Publié 23/04/2015 à 14:18 GMT+2

Même Blaise Matuidi est méconnaissable. Lui, habituellement si aimable, aussi complice en zone mixte qu’hyper-actif sur la pelouse, avait choisi mercredi soir de se refermer comme une huître sur la question du niveau de jeu et du rendement du Paris-SG après son nul à Lille (1-1).

Les quatre raisons pour lesquelles le PSG a tort de refuser le débat sur son jeu

Crédit: Eurosport

Un regard à la fois vide et défiant. Des réponses en un mot qui ne valaient guère mieux qu’un vent. Laurent Blanc avait utilisé plus de termes, la veille, mais il disait la même chose : il refusait net, désormais, les interrogations sur le sujet. Les raisons en sont d’ailleurs particulièrement confuses. On ne sait pas s’il reproche à ses interlocuteurs d’avoir tort ou raison. Restent les faits : vouloir parler avec les joueurs du PSG de la pauvreté du jeu moyen pratiqué cette saison, c’est, depuis cette semaine, comme interroger Ségolène Royal sur le livre de Valérie Trierweiler, sourire non compris. Pas de commentaire. Trop risqué, trop sensible. Et déplacé, comprend-on.

Paris - qui fut d’ailleurs bien meilleur par séquences à Villeneuve-d’Ascq - a évidemment tort de se brusquer face à l’évocation du sujet. D’abord car ce déni ne trompe personne, ni parmi les médias, ni parmi les spectateurs. Et surtout car, sur le fond, le PSG dessert ses propres intérêts en refusant la légitimité du sujet. Voici pourquoi, en quatre raisons, évidemment liées les unes aux autres.

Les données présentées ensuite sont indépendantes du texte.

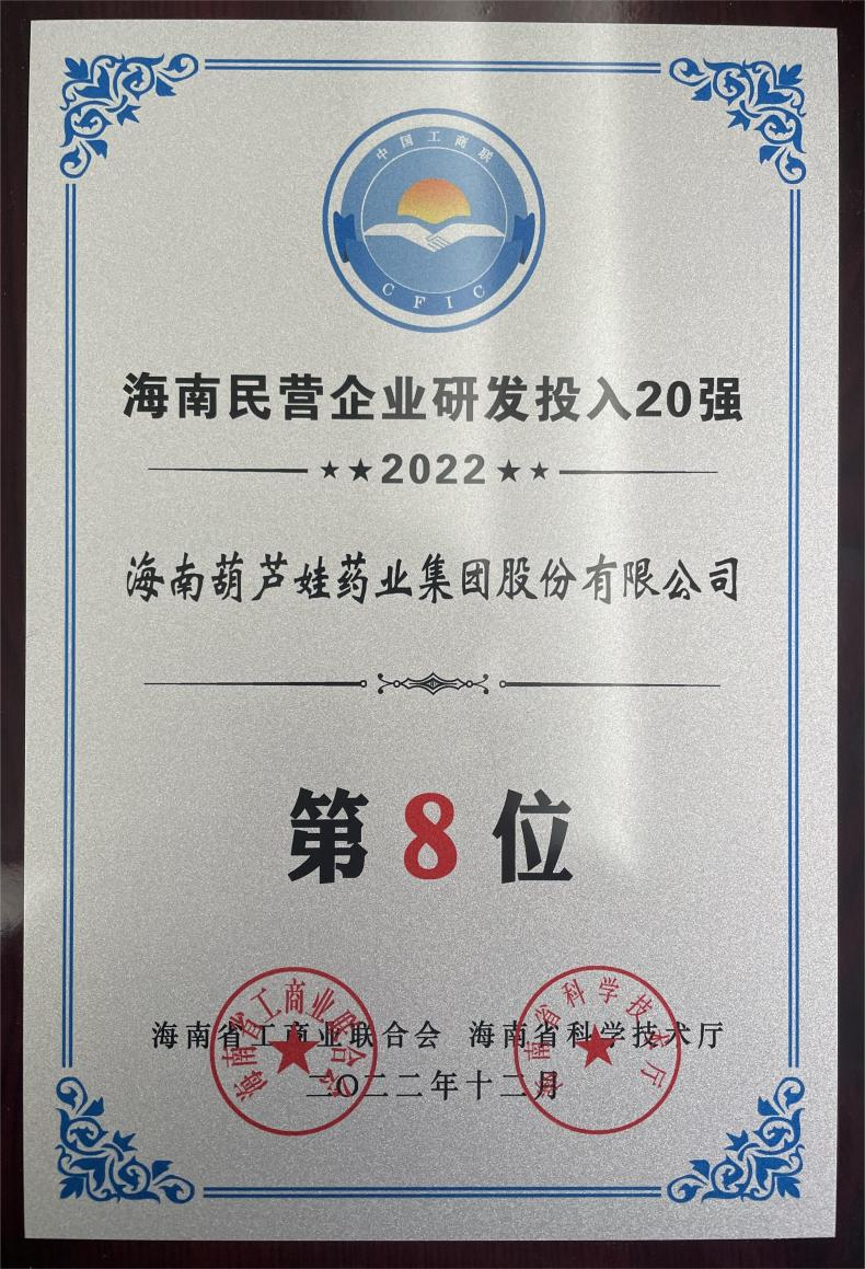 12月23日,2022海南民营企业50强和研发投入20强发布会在海口举行。会上发布了“2022海南民营企业50强”“2022海南民营企业研发投入20强”榜单和分析报告。豪门国际药业再次荣登两榜,在海南民营企业50强榜单中位列第25位,较去年上升8位,这也是公司连续三年登榜;在海南民营企业研发投入20强中位列第8位,较去年上升7位。

1/ L’exigence est la plus grande marque de respect possible

Le PSG sabote trop souvent son expression technique à force de suffisance. ll a arrêté de perdre des points avec cette tendance persistante - qui lui en a coûté huit en L1 en début de saison - mais le spectacle d’un PSG malmené par Nice, au Parc, et qui fait rentrer un défenseur pour tenir le 1-0 reste "hallucinant", pour reprendre le terme du consultant qui officiait en direct ce soir-là. Ces commentaires se basent sur la nostalgie d’un PSG qui écrasait tout sur son passage il y a un an. Ils cherchent à comprendre comme une équipe stable et renforcée par petites touches peut bien arrêter de progresser et même donner l’impression de décliner.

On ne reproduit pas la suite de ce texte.